WHAT TO DO
Where the word "sobre" occurs in a line of the listing, please copy the line.

SOURCE DATA
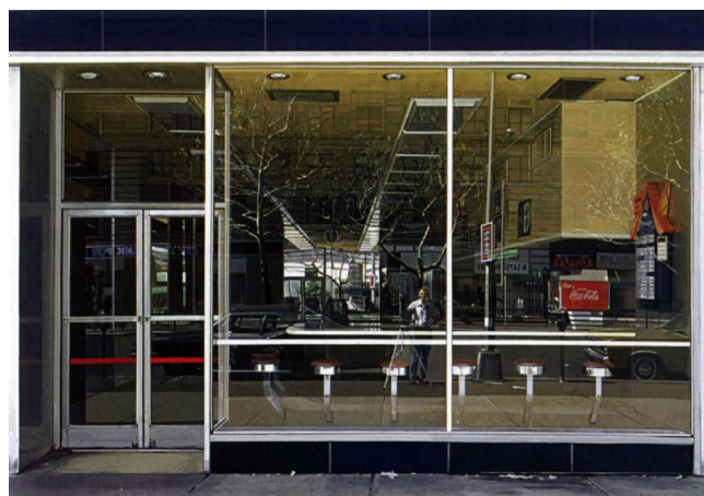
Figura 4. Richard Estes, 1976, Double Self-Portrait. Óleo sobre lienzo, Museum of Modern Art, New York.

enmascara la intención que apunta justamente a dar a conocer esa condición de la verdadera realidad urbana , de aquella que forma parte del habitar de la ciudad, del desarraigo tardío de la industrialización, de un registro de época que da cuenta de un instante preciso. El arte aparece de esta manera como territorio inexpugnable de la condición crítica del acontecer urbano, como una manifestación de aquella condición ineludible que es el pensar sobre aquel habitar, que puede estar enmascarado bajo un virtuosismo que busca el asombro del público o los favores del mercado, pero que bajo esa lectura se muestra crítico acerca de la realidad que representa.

--

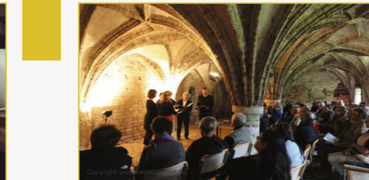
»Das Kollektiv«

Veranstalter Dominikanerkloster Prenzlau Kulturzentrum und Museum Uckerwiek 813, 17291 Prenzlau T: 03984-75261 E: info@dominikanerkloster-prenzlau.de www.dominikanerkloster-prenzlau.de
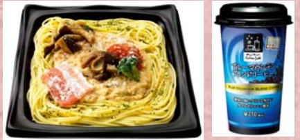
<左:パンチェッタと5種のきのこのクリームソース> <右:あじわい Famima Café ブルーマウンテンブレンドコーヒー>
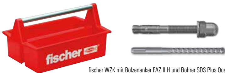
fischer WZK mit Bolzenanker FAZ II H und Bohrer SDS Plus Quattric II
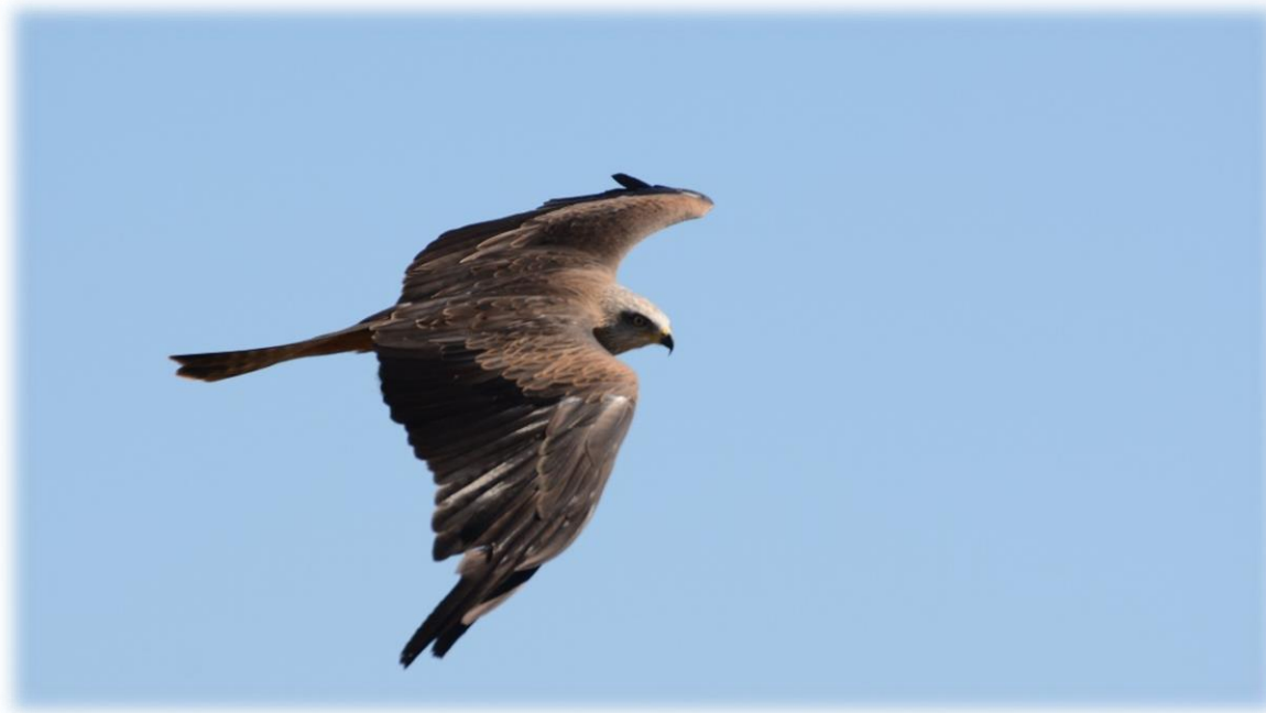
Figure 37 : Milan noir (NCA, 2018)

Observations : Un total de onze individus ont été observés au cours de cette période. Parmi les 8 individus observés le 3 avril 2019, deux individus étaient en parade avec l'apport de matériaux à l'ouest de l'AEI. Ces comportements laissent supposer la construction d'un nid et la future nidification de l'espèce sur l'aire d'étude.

ANSWER BOX
Figura 4. Richard Estes, 1976, Double Self-Portrait. Óleo sobre lienzo, Museum of Modern Art, New York.
enmascara la intención que apunta justamente a dar a conocer esa condición de la verdadera realidad urbana , de aquella que forma parte del habitar de la ciudad, del desarraigo tardío de la industrialización, de un registro de época que da cuenta de un instante preciso. El arte aparece de esta manera como territorio inexpugnable de la condición crítica del acontecer urbano, como una manifestación de aquella condición ineludible que es el pensar sobre aquel habitar, que puede estar enmascarado bajo un virtuosismo que busca el asombro del público o los favores del mercado, pero que bajo esa lectura se muestra crítico acerca de la realidad que representa.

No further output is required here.